Ni, Zhiqiang; Cho, Jungbum; Toaz, Benjamin, Ryan;

For this ICA, you will turn in **your own notebook**. You can work together as always, but I want each of you to try these steps on your own for a dataset of your choosing. 

In today's ICA we will explore the grammar of graphics (GoG), which is a less well-known, but increasingly popular, paradigm for producing visualizations.

We'll work with Altair today. But, there are many other GoG libraries out there and you should explore them! If I had to suggest perhaps the most obvious library to learn after ([before?](https://www.youtube.com/watch?v=jNiQaErXg8s)) Altair, it would be Plotly; as you have seen in some of the assignments, it is very powerful. Examine both for your projects.

Anyway, let's get to it!

We are going to walk through the steps of building a visualization **very slowly** - what might seem like ridiculously slow. But, the idea is that you appreciate how the "grammar" works.

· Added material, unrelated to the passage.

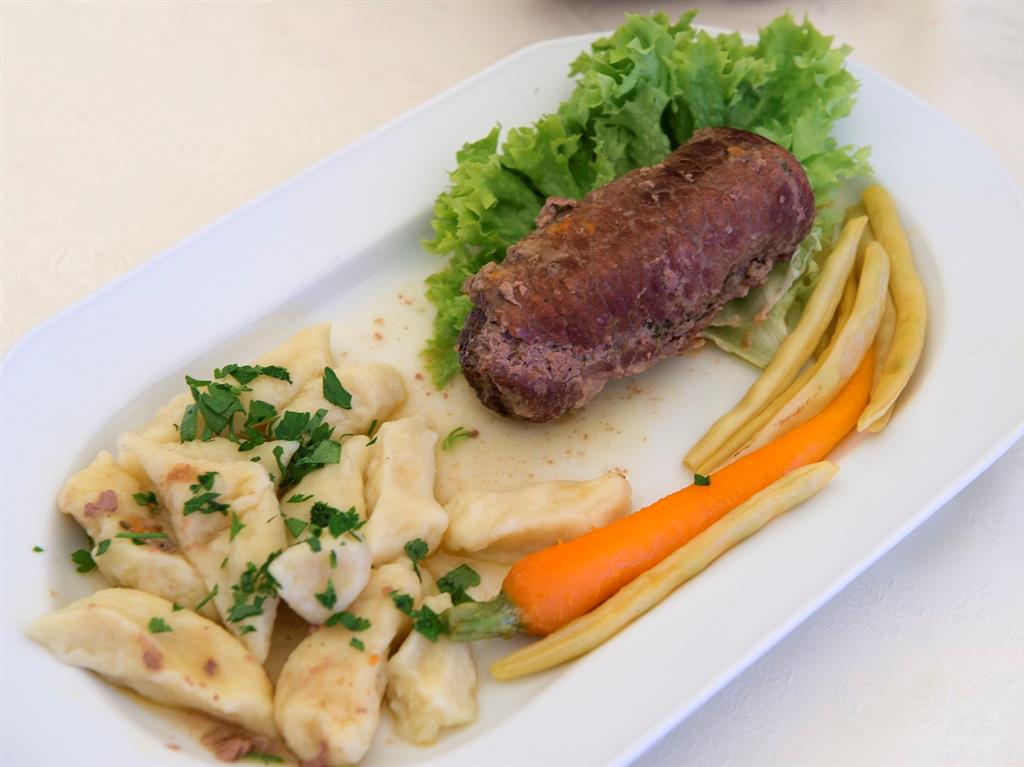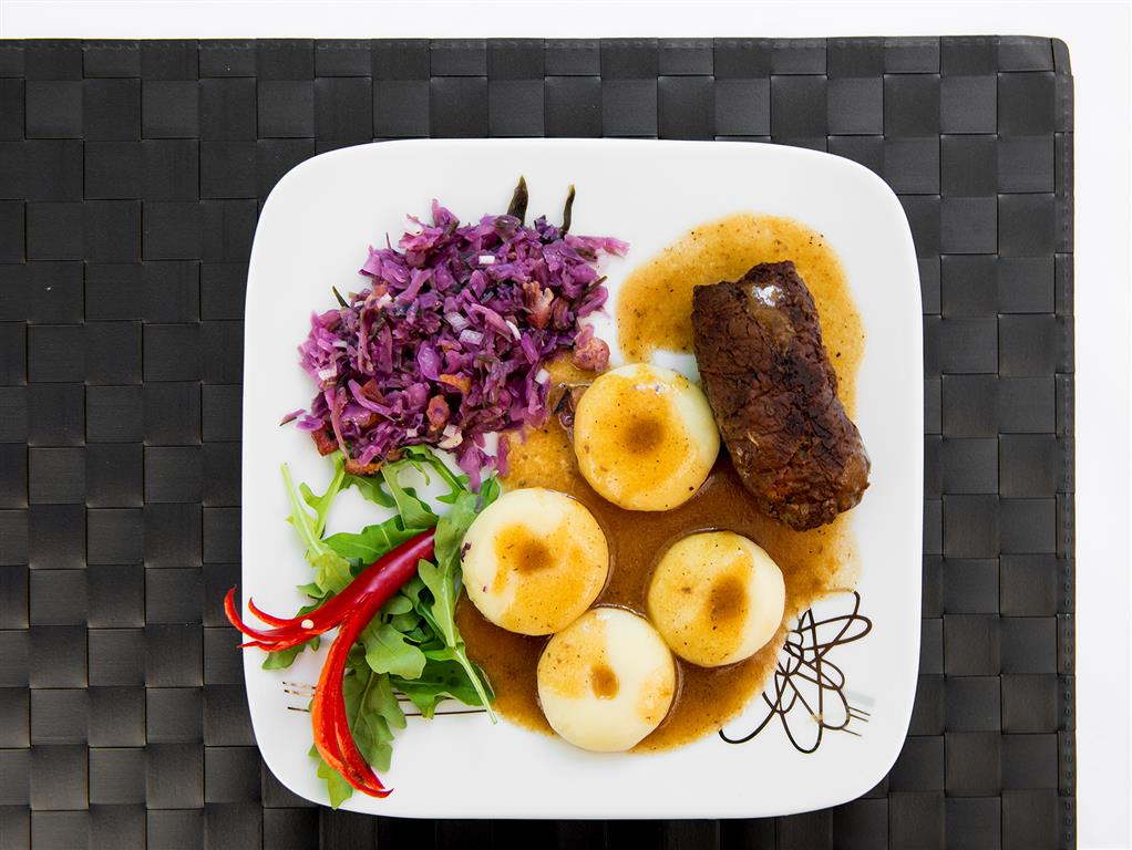 Rolada wołowa z domowymi kluskami i czerwoną kapustą

Your first step is to rearrange the tables you are sitting at so that your group members can all look at one screen together. In the first part of this ICA you will:
* read what I wrote below and follow along (for the mpg dataset); you can have this shown on one of your group's laptops show on one of your monitors,
* mimic each step with a second laptop on the other monitor (e.g., the iris or penguin dataset - you pick!).

I want to be sure you know how to perform these steps for your own dataset.


## Intro to `altair`

I'll use for today the "mpg" dataset and bring it in through `vega_datasets`, another place to get nice datasets. You get another dataset of your group's choosing. Consider also using `vega_datasets` so that you get familiar with it. 

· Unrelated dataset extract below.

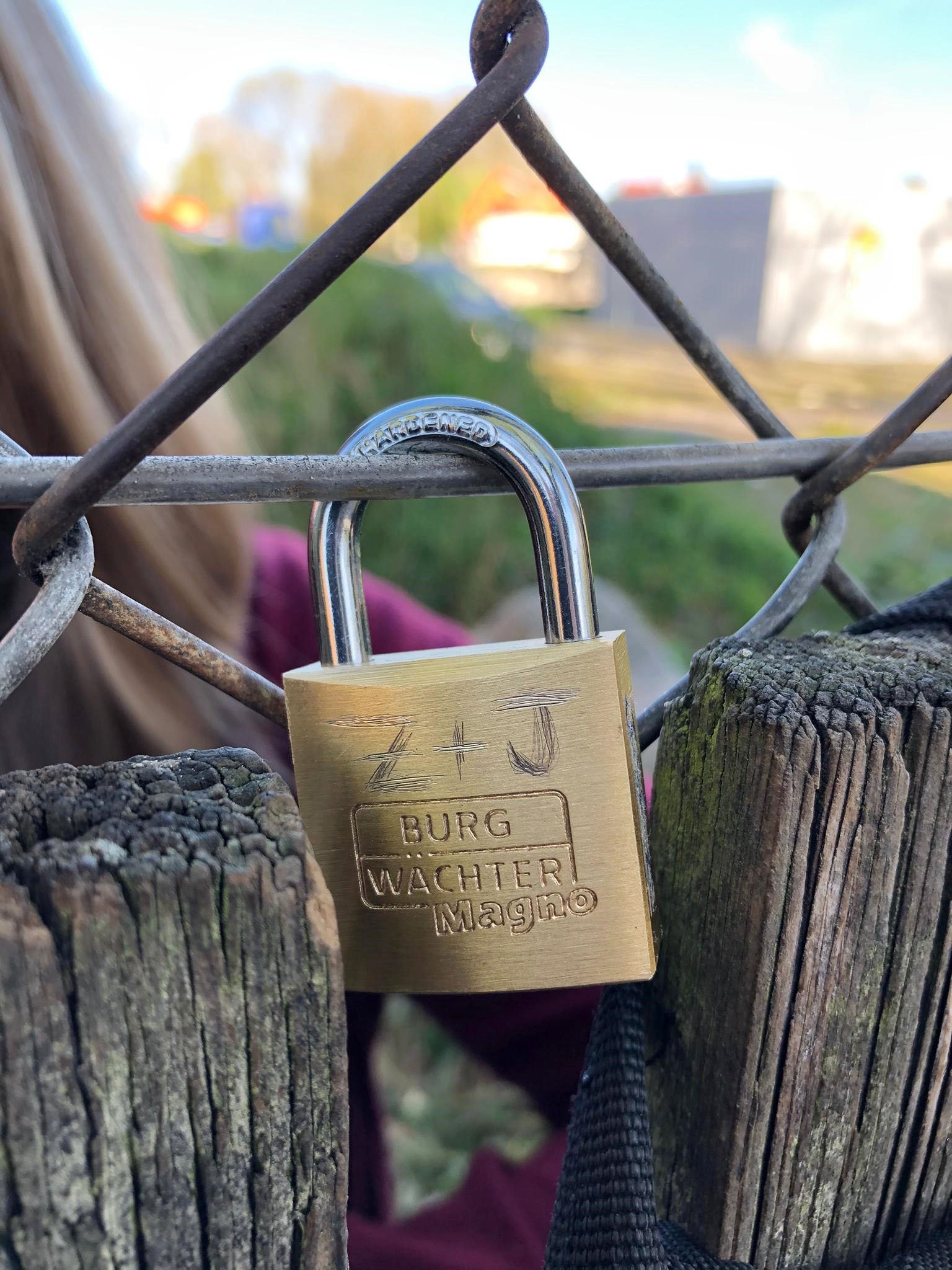 Auch Zoran musste die „angeordnete“ Trennung erst einmal verarbeiten. Aber er baute seine Verlobte mit liebenden Worten wieder auf: „An einem Nachmittag hat er dann am Grenzzaun ein Liebesschloss von BURG-WÄCHTER aus der Tasche geholt, in das er unsere Initialen geritzt hat. Für uns ist die Burg unsere Liebe, die vom Schloss – also dem Wächter – geschützt wird. Dieses Schloss steht für unsere grenzenlose Liebe. Und deswegen ist es egal, auf welcher Seite der Grenze wir uns befinden“, erzählt Jacqueline.

Note: there may be some issues with this ICA: be prepared to install libraries you might not have and try different notebook environments. I last edited this in VS Code and struggled a bit. (Works now!)

In [None]:
# !pip install vega_datasets

In [None]:
# !pip install --upgrade altair vega_datasets jupyterlab

Let's get the cars dataset. And, you get yours to compare with these steps.

In [None]:
import altair as alt
from vega_datasets import data
cars = data.cars()

We are going to start with [`.Chart`](https://altair-viz.github.io/getting_started/starting.html#the-chart-object), although Altair has [other options](https://altair-viz.github.io/user_guide/API.html#top-level-objects). The way you get started is to call Altair through `alt` (or whatever you chose to call it in the `import` statement above), create a chart and pass the dataframe. Note that the dataframe is the natural container for Altair (as opposed to lists, dictionaries or arrays), just as it was for Seaborn. Basically, this means Altair keeps track of the columns names and can use them.  

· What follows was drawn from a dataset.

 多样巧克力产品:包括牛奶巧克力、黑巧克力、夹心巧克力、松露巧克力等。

Run this piece of code, **which will generate an error**. Don't panic! 

In [None]:
alt.Chart(cars)

What Altair is complaining about is that it is not possible to map the data onto a visual without knowing a minimal level of mapping. We need to use at least one more dot in the dot chain! Let's a `.mark_point` to map numbers to symbols.

Next, run this cell:


In [None]:
alt.Chart(cars).mark_point()

What do you see? This might not look like much - a circle in a square. Seems weird, right?

This result is expected in the GoG way of doing things: we have mapped the data onto a marker, _but have not given any more information_ about how it should be organized. Thus, we get a "0D" plot! Next time you need a 0D plot, you know how to make one!

Notice that in the GoG, nothing is taken for granted, very little is assumed for you. Think of this as starting with letters, then we can build words, then we can put words together, and so on.....

The next "dot" that we need is an encoding (`.encode()`) that maps the markers to some geometry; that is, to an axis (or more). Let's do a simple encoding next:


In [None]:
alt.Chart(cars).mark_point().encode(
    x='Horsepower'
)

Gorgeous! Since we only encoded one variable to the $x$ axis, we get a 1D plot. I bet you have not seen many 0D and 1D plots before - welcome to GoG!

From `altair`'s docs: 
  The `encode()` method builds a key-value mapping between encoding channels (such as x, y, color, shape, size, etc.) to columns in the dataset, accessed by column name

Think of it as a dictionary!

Interestingly, this is basically a "rug plot", which we saw in Seaborn and you made in the HW. In Altair's GoG, a rug plot is a very natural type of plot.

Do this with your dataset; compare the two monitors.

Make an "official" rug plot, try `mark_tick()`.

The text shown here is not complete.